> TASK TO CARRY OUT:
Write out the records again exactly and exclude the pictures.

> TASK INPUT:
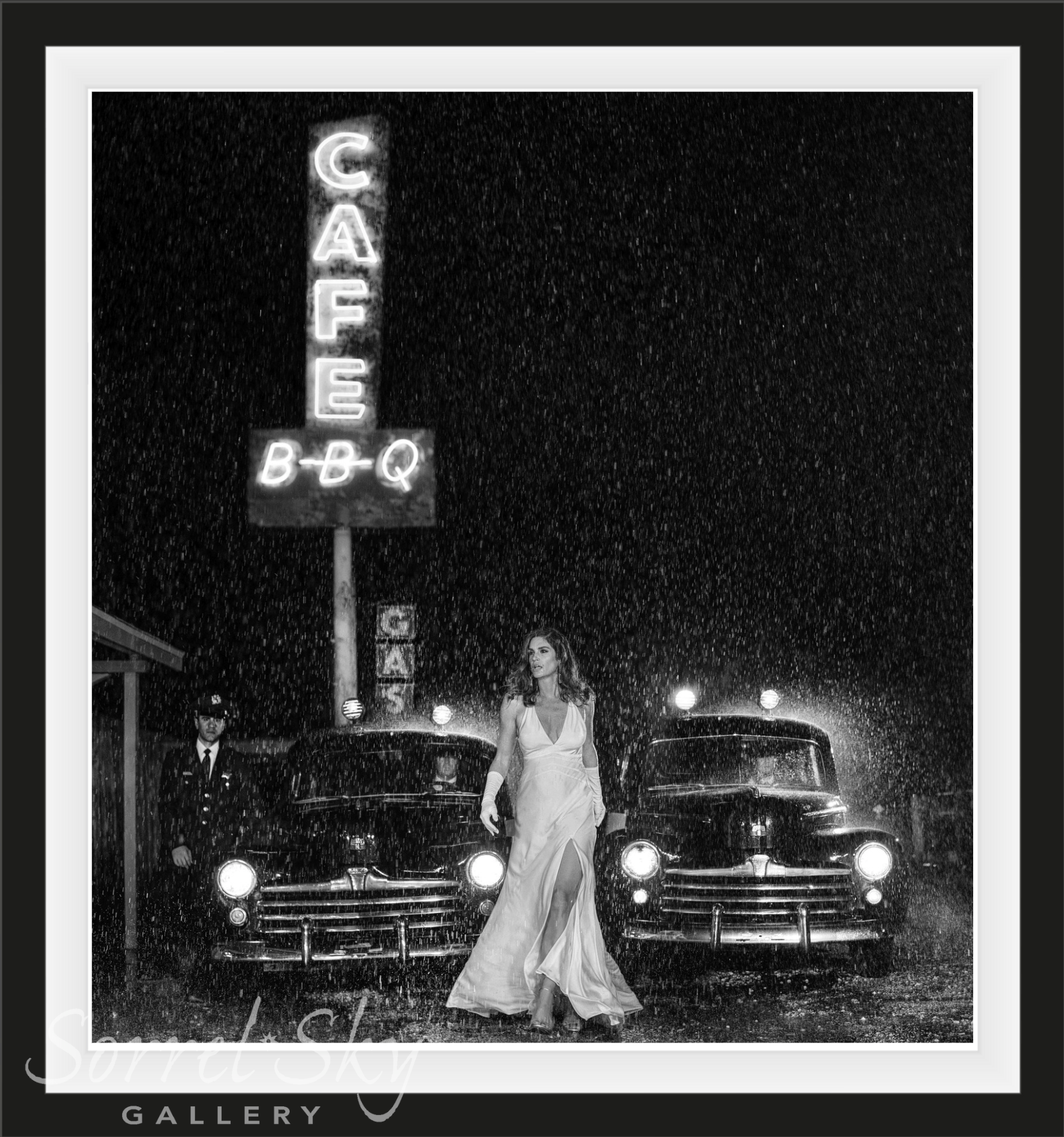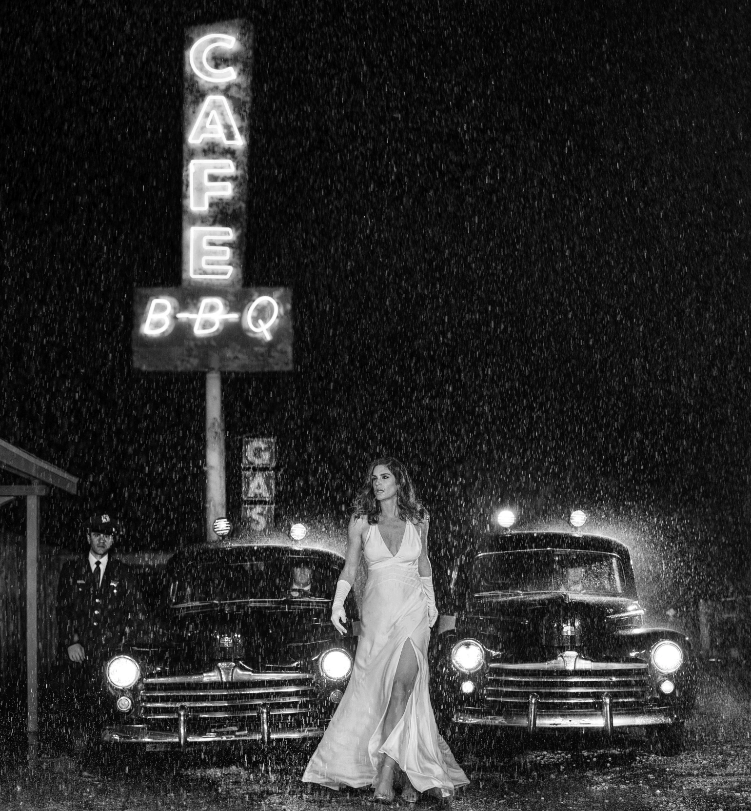 My preconception was to use the panel lighting to showcase Cindy in an intense rain storm. The rain would pop much more than it would do in daylight. I could see the potential of the concept; the set, complete with 1950s LA cop cars, was authentic and all the angles worked. There was an intended nod to the wonderful movie - LA Confidential - but the problem was that her period evening glam look would be immediately vulnerable to the rain.
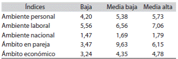 En los grupos en general se da un nivel bajo de satisfacción, por lo que se asignaron escalas de media alta, media baja y baja. En el ámbito de pareja los que tienen satisfacción media se encuentran más satisfechos en los demás aspectos de su vida con respecto a los otros grupos (Cuadro 2).
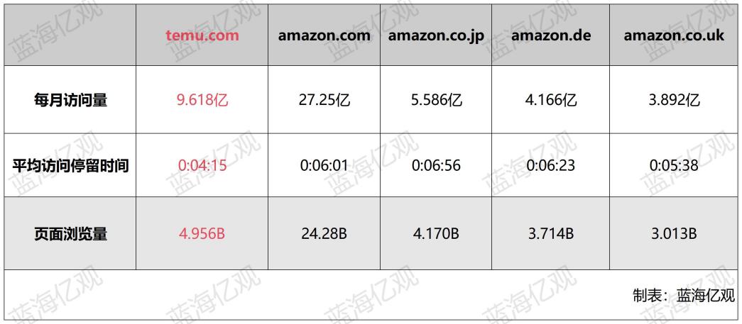 图/Temu(主站)和亚马逊部分主要网站的流量估计
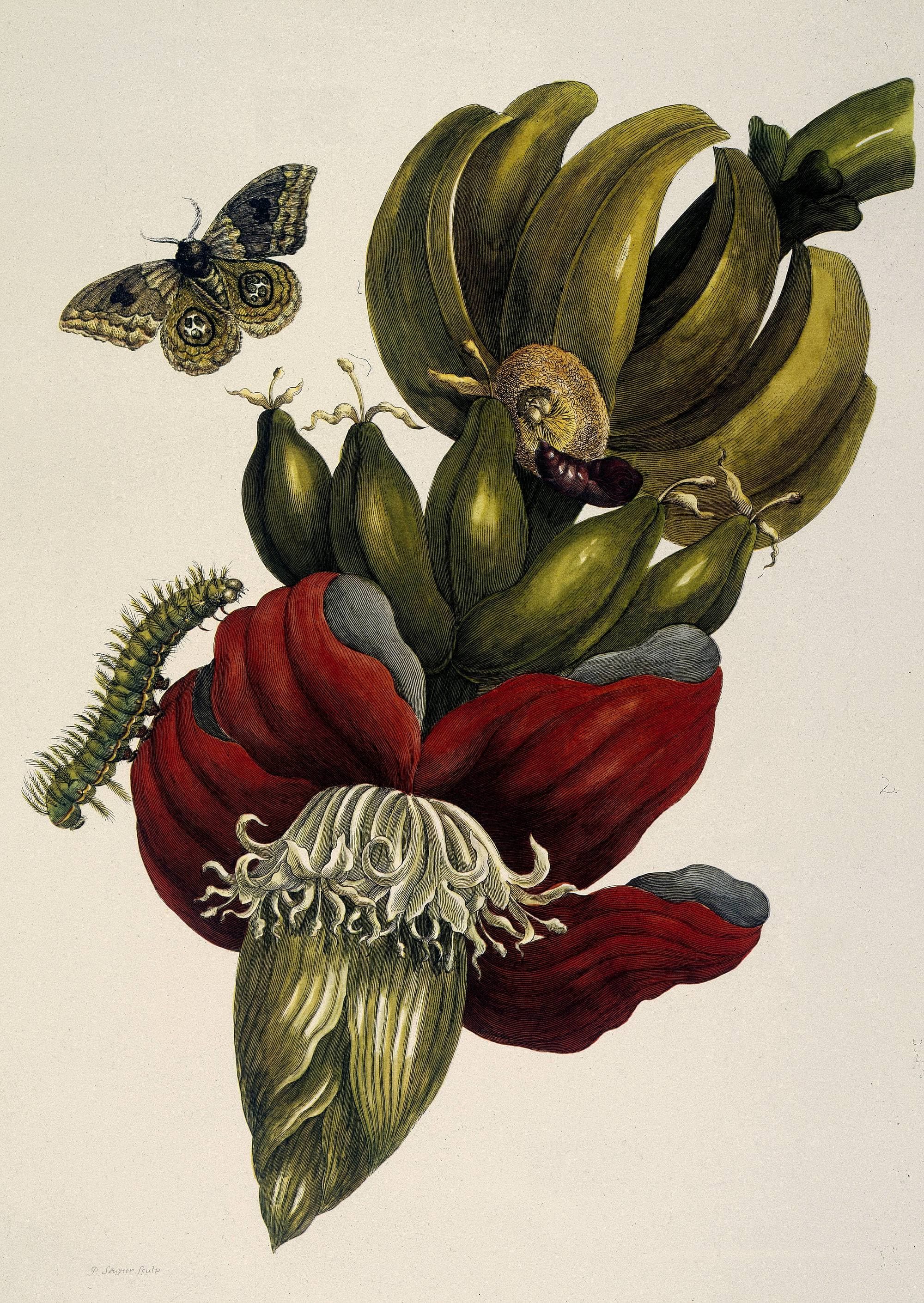 Metamorphosis insectorum surinamesium erschien 1705, eine Sammlung von kunstvoll kolorierten Kupferstichen und erläuternden Texten, in denen sie die gesamten Lebenszyklen der Insekten in ihrer natürlichen (Pflanzen-)Umwelt darstellte und beschrieb. Ein Opus magnum, sozusagen. Mit ihren 52 Jahren (nach den Begriffen der Zeit bereits eine alte Frau) war sie dafür nur in Begleitung ihrer jüngsten Tochter Dorothea Maria weit gereist. Das war unerhört und sorgte für Gesprächsstoff in der damaligen niederländischen Kolonie Surinam. Die Einwohner waren strenge Calvinisten und pragmatische Zuckerrohrfarmer. Sie hielten die beiden Neuankömmlinge, die sofort damit begannen, Raupen und andere Insekten zu sammeln, um diese zu studieren und zu zeichnen, für wunderlich, wenn nicht gar für verrückt oder der Hexerei verdächtig.
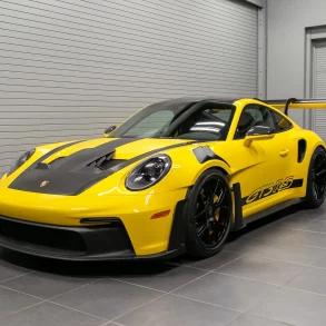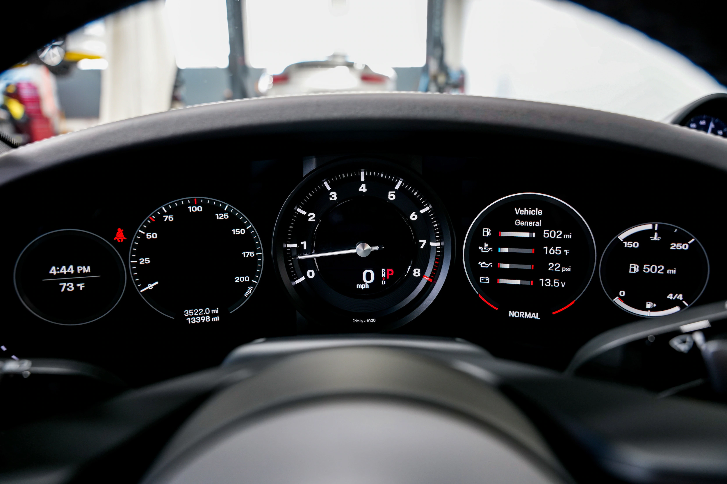 Optioned extensively, this example features Rear Axle Steering, the Sport Package with a Sport Exhaust System and PASM Sport Suspension lowered by 10mm, the Front Axle Lift System, Porsche InnoDrive with Adaptive Cruise Control (ACC) and Active Lane Keep (ALK), the Premium Package, and an electric slide/tilt sunroof. It rides on factory staggered 20″/21″ Carrera S wheels in silver with colored Porsche-crest center caps and Pirelli P Zero tires.
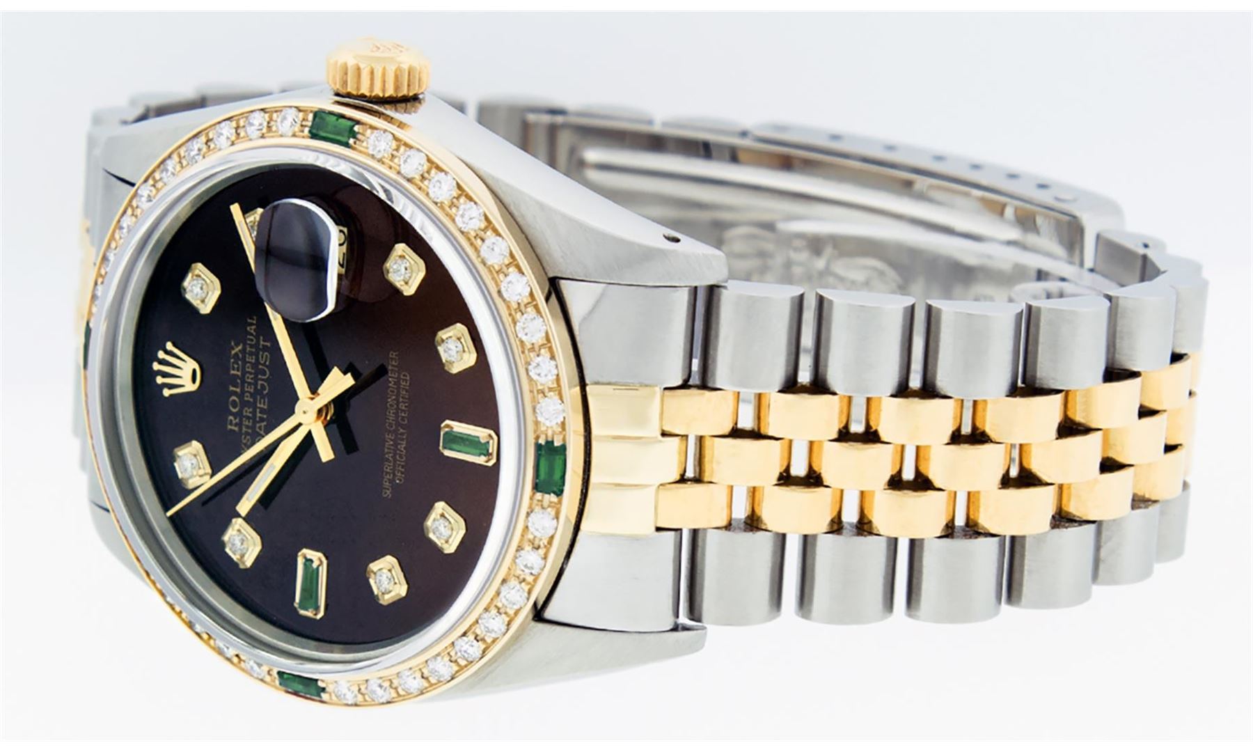 One Mens 14K Yellow Gold Two Tone Rolex Datejust Polished, Serviced & Electronically Tested, 14K Yellow Gold & Stainless Steel Case: 36mm, 14K Yellow Gold Crown, Custom Bezel: New 18K Yellow Gold Emerald Beadset Diamond Bezel, Diamond Count: 36 Diamonds + 4 Emeralds, Total Weight 1.00 Carat, Clarity: SI-VS, Color: G to H. Custom Crystal: New Scratch Resistant Synthetic Sapphire Cyclops Lens. Movement: Automatic Winding Movement Caliber 3035. Custom Dial: Brown Dial With Diamond Hour Markers and Synthetic Emerald Baguette Markers On 6 and 9, Stone Count: 8 Diamonds + 2 Synthetic Bagguette Emeralds In Dial. Date Window: 3 O'Clock Position Date Display, Quickset, Model: 16013 Datejust. Condition: G-6 Extra Fine. Bracelet: Two Tone 14K Yellow Gold & Stainless Steel Jubilee. Bright Polish. 7.0 Inch Length, Adjustable. Standard Clasp, With Rolex Logo. This Watch Has Been Serviced Time Tested And Is In Excellent Condition It Is Free Of All Scratches And Dents.

> RESULT FOR THIS EXERCISE:
 My preconception was to use the panel lighting to showcase Cindy in an intense rain storm. The rain would pop much more than it would do in daylight. I could see the potential of the concept; the set, complete with 1950s LA cop cars, was authentic and all the angles worked. There was an intended nod to the wonderful movie - LA Confidential - but the problem was that her period evening glam look would be immediately vulnerable to the rain.
 En los grupos en general se da un nivel bajo de satisfacción, por lo que se asignaron escalas de media alta, media baja y baja. En el ámbito de pareja los que tienen satisfacción media se encuentran más satisfechos en los demás aspectos de su vida con respecto a los otros grupos (Cuadro 2).
 图/Temu(主站)和亚马逊部分主要网站的流量估计
 Metamorphosis insectorum surinamesium erschien 1705, eine Sammlung von kunstvoll kolorierten Kupferstichen und erläuternden Texten, in denen sie die gesamten Lebenszyklen der Insekten in ihrer natürlichen (Pflanzen-)Umwelt darstellte und beschrieb. Ein Opus magnum, sozusagen. Mit ihren 52 Jahren (nach den Begriffen der Zeit bereits eine alte Frau) war sie dafür nur in Begleitung ihrer jüngsten Tochter Dorothea Maria weit gereist. Das war unerhört und sorgte für Gesprächsstoff in der damaligen niederländischen Kolonie Surinam. Die Einwohner waren strenge Calvinisten und pragmatische Zuckerrohrfarmer. Sie hielten die beiden Neuankömmlinge, die sofort damit begannen, Raupen und andere Insekten zu sammeln, um diese zu studieren und zu zeichnen, für wunderlich, wenn nicht gar für verrückt oder der Hexerei verdächtig.
 Optioned extensively, this example features Rear Axle Steering, the Sport Package with a Sport Exhaust System and PASM Sport Suspension lowered by 10mm, the Front Axle Lift System, Porsche InnoDrive with Adaptive Cruise Control (ACC) and Active Lane Keep (ALK), the Premium Package, and an electric slide/tilt sunroof. It rides on factory staggered 20″/21″ Carrera S wheels in silver with colored Porsche-crest center caps and Pirelli P Zero tires.
 One Mens 14K Yellow Gold Two Tone Rolex Datejust Polished, Serviced & Electronically Tested, 14K Yellow Gold & Stainless Steel Case: 36mm, 14K Yellow Gold Crown, Custom Bezel: New 18K Yellow Gold Emerald Beadset Diamond Bezel, Diamond Count: 36 Diamonds + 4 Emeralds, Total Weight 1.00 Carat, Clarity: SI-VS, Color: G to H. Custom Crystal: New Scratch Resistant Synthetic Sapphire Cyclops Lens. Movement: Automatic Winding Movement Caliber 3035. Custom Dial: Brown Dial With Diamond Hour Markers and Synthetic Emerald Baguette Markers On 6 and 9, Stone Count: 8 Diamonds + 2 Synthetic Bagguette Emeralds In Dial. Date Window: 3 O'Clock Position Date Display, Quickset, Model: 16013 Datejust. Condition: G-6 Extra Fine. Bracelet: Two Tone 14K Yellow Gold & Stainless Steel Jubilee. Bright Polish. 7.0 Inch Length, Adjustable. Standard Clasp, With Rolex Logo. This Watch Has Been Serviced Time Tested And Is In Excellent Condition It Is Free Of All Scratches And Dents.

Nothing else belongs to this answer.